Authors: Frederick Otite Ighovojah

Abstract:

Corrosion in the oil and gas industries is one of the most common causes of failure. Such failure includes leaks in above-ground storage tanks (AGST). The involvement of microorganisms in the corrosion process in AGST systems is often ignored, and this outlines the need to investigate the effect of microbial corrosion in oil and gas facilities. This study's methodology comprised gathering generated water samples from a nearby AGST oil facility that was operating, which were then equally divided into two batch reactors, 1 and 2. Each batch reactor was filled with five prepared X60 coupons using sterilized forceps. To provide nutrients for the microorganisms in batch reactor 1 during the test period, 2g of NPK 15- 15-15 fertilizer was added on a weekly basis.
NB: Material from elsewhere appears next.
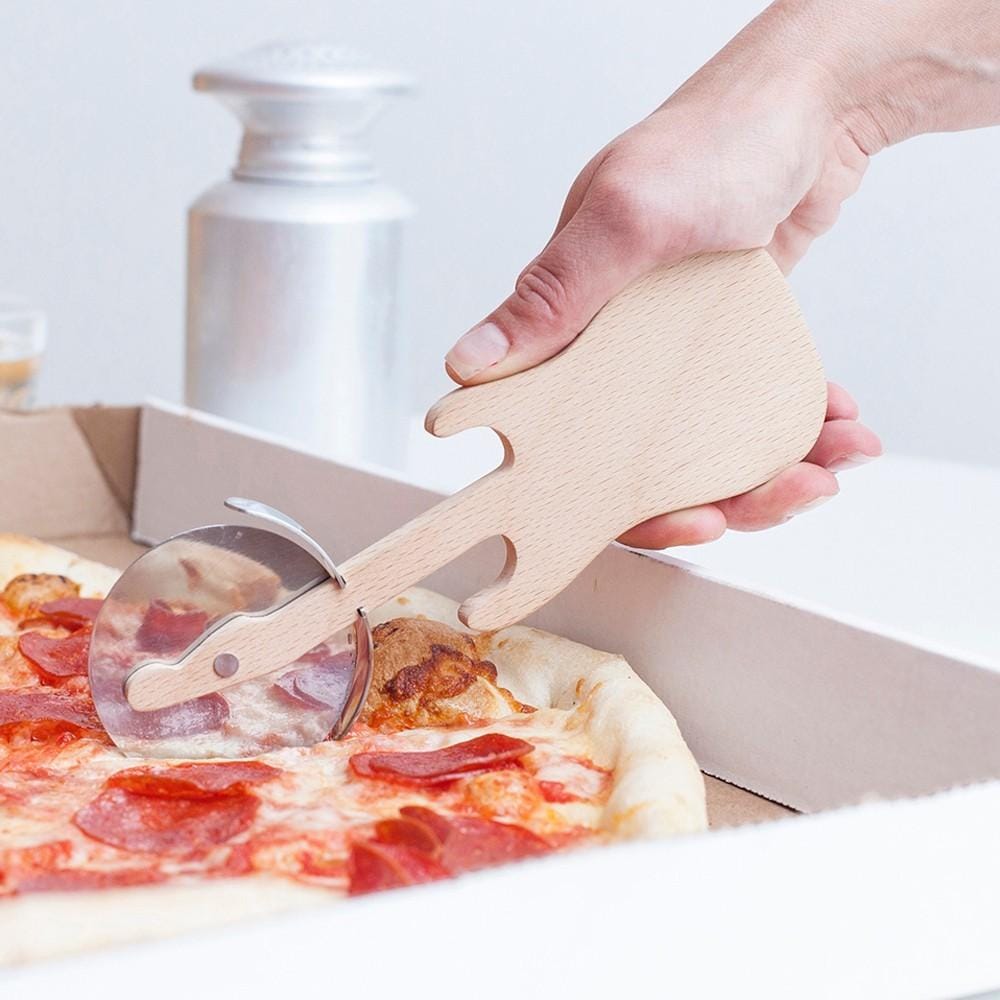 Ben je een echte muziekliefhebber en hou je van Pizza's? Deze gitaar is gemaakt van hout en het mes van RVS. Je gitaar gaat dus nooit roesten en kun je met veel plezier gebruiken voor je pizza’s. Door de vorm van deze pizzasnijder ligt hij ook nog eens plezierig in de hand. Was deze pizzasnijder wel even met de hand af en laat hem daarna goed drogen zodat het hout mooi blijft.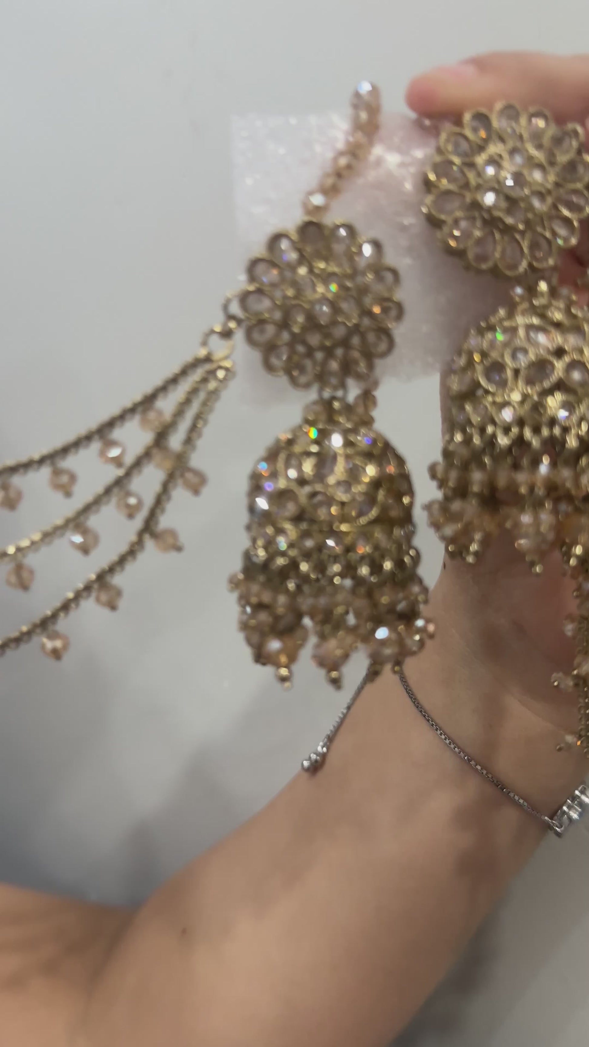 Expertly crafted with premium quality polki, these Suhana bahubali jhumkis feature elegant pearls and a sahara jhumki design. Perfect for any occasion, these earrings add a touch of sophistication to any outfit. Elevate your style game with these stunning statement pieces.

To kill the microorganisms and significantly lower their concentration in the generated water, 5ml of dissolved ozone (a biocide) with a 0.5ppm concentration was added to batch reactor 2. The weight loss measurement (WLM) was used to evaluate for corrosion. Coupons were removed from each batch reactor, and weight loss was measured at every interval of 336 hrs for 2016 hrs. The overall results obtained indicated that coupons from the batch 1 reactor showed a higher corrosion rate and higher mass loss, and this was due to the metabolic production of an aggressive compound in the medium.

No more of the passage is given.